• **Instructions to follow**:
Find the line below with "signature 12cm. high" and the line with "Загальна висота перепаду". Output them and the lines between, exactly, but not the pictures.

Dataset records

=== Begin Enclosure ===

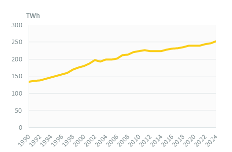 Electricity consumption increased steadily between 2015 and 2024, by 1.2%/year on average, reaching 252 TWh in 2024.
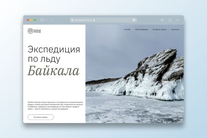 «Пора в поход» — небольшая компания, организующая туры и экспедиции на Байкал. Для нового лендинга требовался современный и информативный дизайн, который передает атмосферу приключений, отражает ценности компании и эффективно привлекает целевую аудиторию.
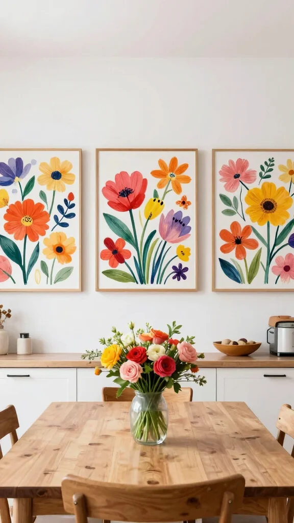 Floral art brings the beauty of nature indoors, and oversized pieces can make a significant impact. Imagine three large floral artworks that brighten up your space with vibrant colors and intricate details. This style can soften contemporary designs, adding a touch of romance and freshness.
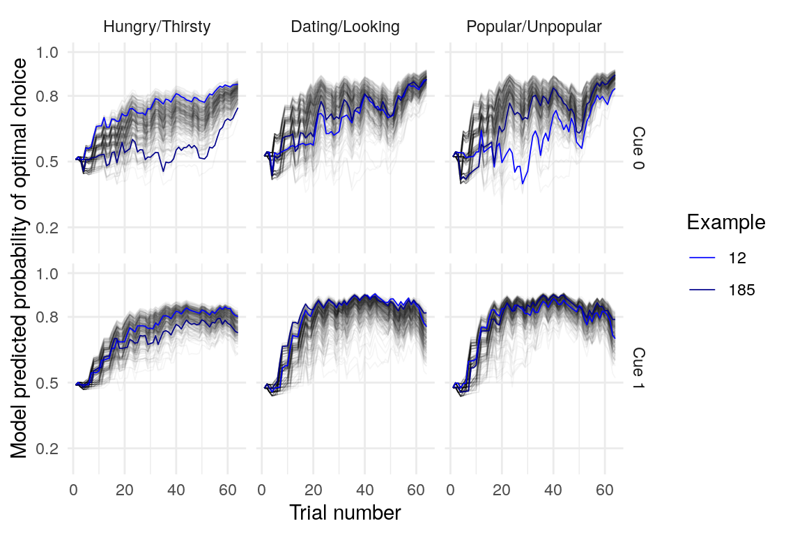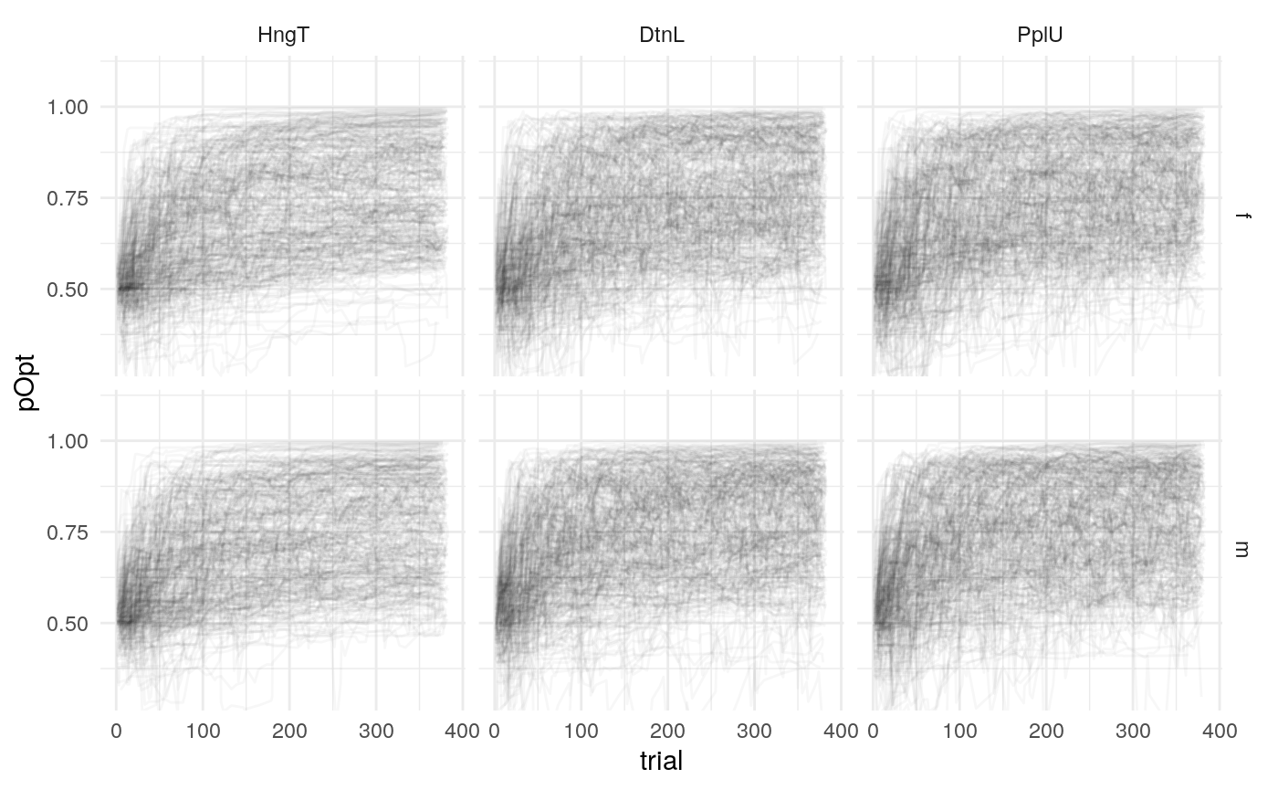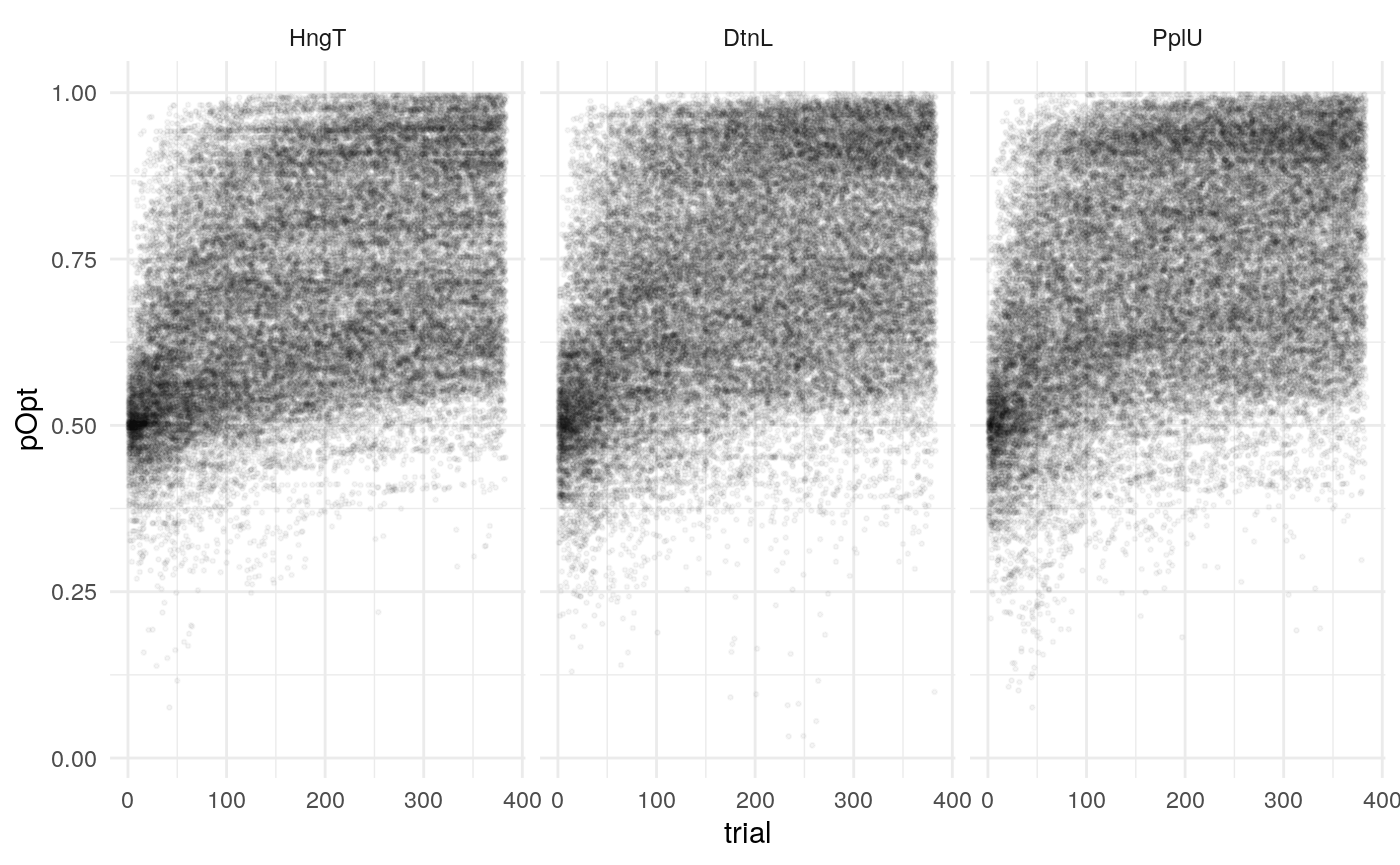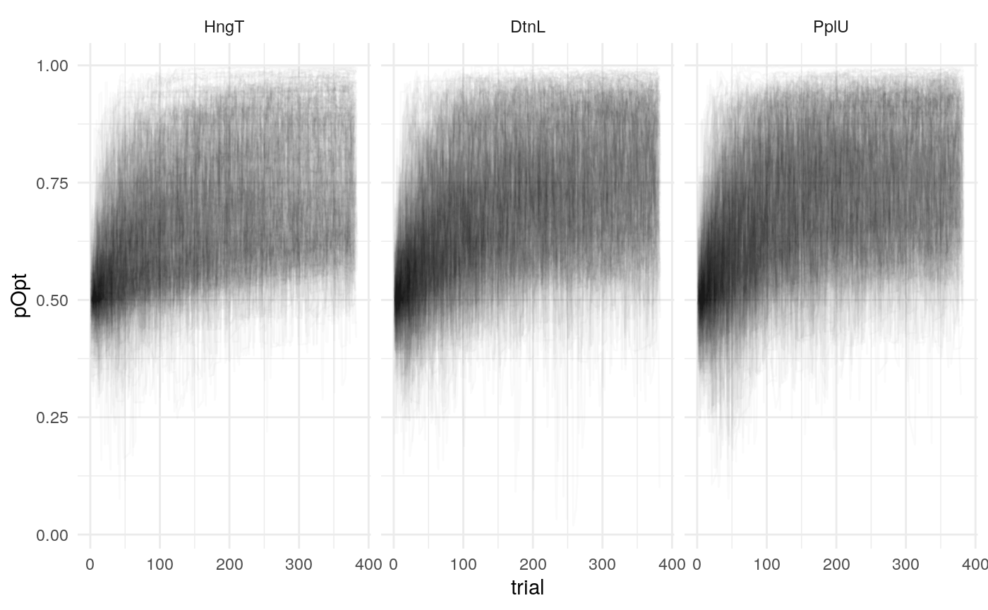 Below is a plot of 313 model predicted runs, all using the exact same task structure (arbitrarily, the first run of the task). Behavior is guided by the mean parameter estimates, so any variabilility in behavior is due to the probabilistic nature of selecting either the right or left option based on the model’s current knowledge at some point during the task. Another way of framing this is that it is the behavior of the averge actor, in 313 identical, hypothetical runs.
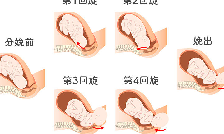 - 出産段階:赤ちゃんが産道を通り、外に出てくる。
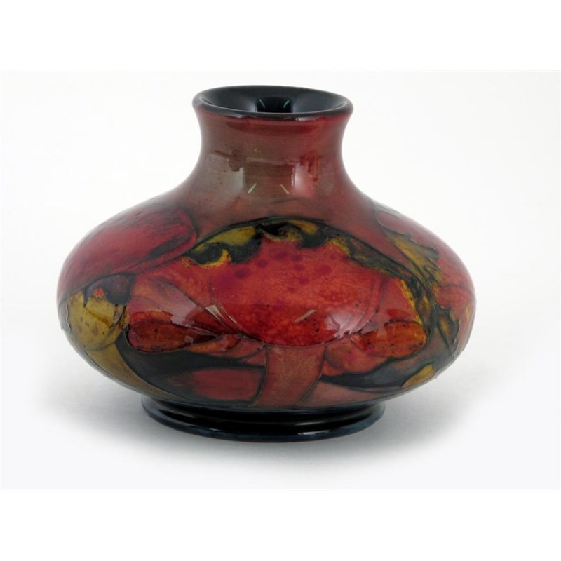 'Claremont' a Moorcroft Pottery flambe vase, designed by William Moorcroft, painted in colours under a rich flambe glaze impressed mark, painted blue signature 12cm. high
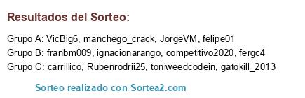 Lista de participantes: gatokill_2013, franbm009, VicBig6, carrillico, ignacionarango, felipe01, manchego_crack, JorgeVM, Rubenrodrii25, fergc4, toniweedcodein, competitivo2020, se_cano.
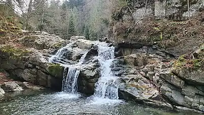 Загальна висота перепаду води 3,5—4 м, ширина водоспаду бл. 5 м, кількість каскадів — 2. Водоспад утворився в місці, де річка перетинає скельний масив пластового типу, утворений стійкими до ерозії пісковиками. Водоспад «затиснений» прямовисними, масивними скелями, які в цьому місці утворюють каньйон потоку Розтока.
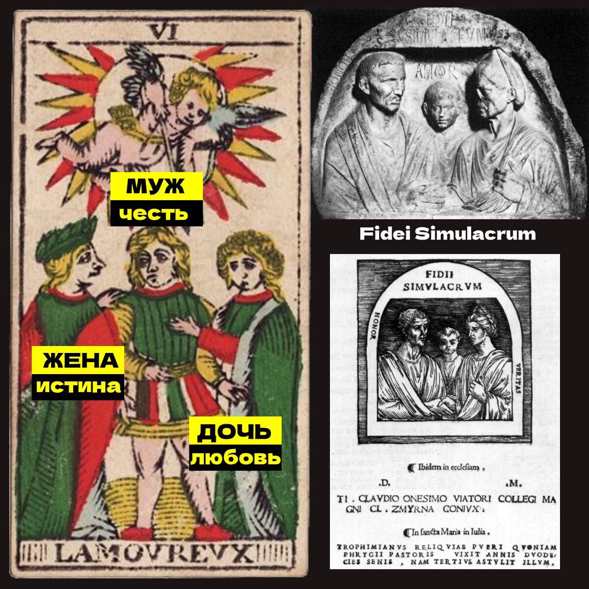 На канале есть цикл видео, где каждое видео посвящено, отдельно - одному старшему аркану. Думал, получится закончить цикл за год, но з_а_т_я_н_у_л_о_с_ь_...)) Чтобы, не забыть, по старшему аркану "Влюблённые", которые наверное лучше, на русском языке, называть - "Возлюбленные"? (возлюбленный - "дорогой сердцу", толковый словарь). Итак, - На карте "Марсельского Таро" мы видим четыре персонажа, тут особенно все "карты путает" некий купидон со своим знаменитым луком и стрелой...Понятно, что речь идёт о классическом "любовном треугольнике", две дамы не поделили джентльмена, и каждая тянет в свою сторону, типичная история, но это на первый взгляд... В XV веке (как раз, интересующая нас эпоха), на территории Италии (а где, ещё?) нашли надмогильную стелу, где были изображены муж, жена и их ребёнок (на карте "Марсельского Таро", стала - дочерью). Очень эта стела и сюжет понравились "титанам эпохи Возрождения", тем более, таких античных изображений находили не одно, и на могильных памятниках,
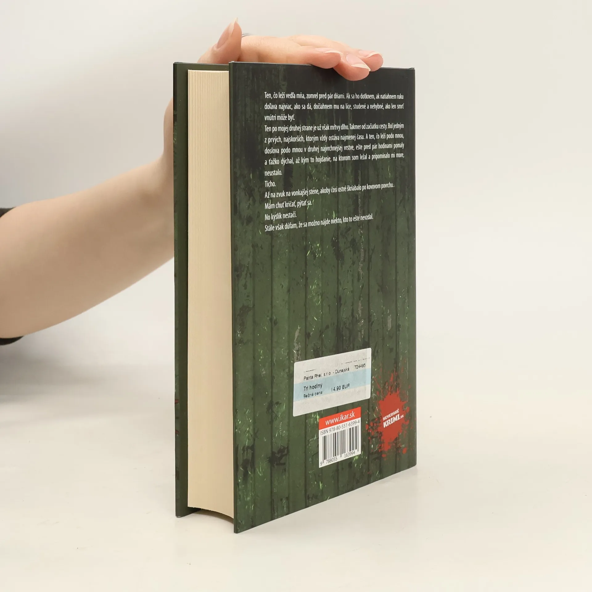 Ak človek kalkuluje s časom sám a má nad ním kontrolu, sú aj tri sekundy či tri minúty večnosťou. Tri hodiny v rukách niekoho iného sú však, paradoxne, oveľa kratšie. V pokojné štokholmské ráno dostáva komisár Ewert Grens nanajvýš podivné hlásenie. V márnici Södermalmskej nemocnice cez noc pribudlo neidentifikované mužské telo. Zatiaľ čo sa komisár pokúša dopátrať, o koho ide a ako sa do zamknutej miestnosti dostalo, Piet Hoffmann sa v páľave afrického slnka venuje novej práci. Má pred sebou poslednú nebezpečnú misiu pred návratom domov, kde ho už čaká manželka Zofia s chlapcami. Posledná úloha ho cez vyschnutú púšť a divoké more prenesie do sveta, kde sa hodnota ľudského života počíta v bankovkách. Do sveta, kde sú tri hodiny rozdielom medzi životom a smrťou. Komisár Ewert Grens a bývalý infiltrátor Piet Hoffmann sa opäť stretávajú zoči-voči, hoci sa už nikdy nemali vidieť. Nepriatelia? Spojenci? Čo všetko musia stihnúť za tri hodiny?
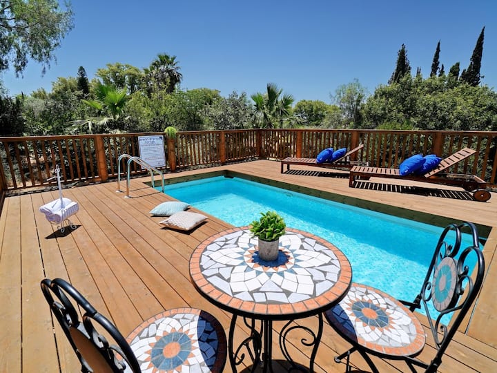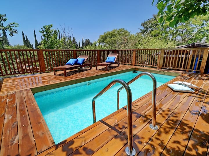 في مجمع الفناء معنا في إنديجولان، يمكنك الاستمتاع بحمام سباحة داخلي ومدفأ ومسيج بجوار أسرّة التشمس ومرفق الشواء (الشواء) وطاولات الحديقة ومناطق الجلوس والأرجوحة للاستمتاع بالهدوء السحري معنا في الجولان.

=== End Enclosure ===

• **Solution**:
 'Claremont' a Moorcroft Pottery flambe vase, designed by William Moorcroft, painted in colours under a rich flambe glaze impressed mark, painted blue signature 12cm. high
 Lista de participantes: gatokill_2013, franbm009, VicBig6, carrillico, ignacionarango, felipe01, manchego_crack, JorgeVM, Rubenrodrii25, fergc4, toniweedcodein, competitivo2020, se_cano.
 Загальна висота перепаду води 3,5—4 м, ширина водоспаду бл. 5 м, кількість каскадів — 2. Водоспад утворився в місці, де річка перетинає скельний масив пластового типу, утворений стійкими до ерозії пісковиками. Водоспад «затиснений» прямовисними, масивними скелями, які в цьому місці утворюють каньйон потоку Розтока.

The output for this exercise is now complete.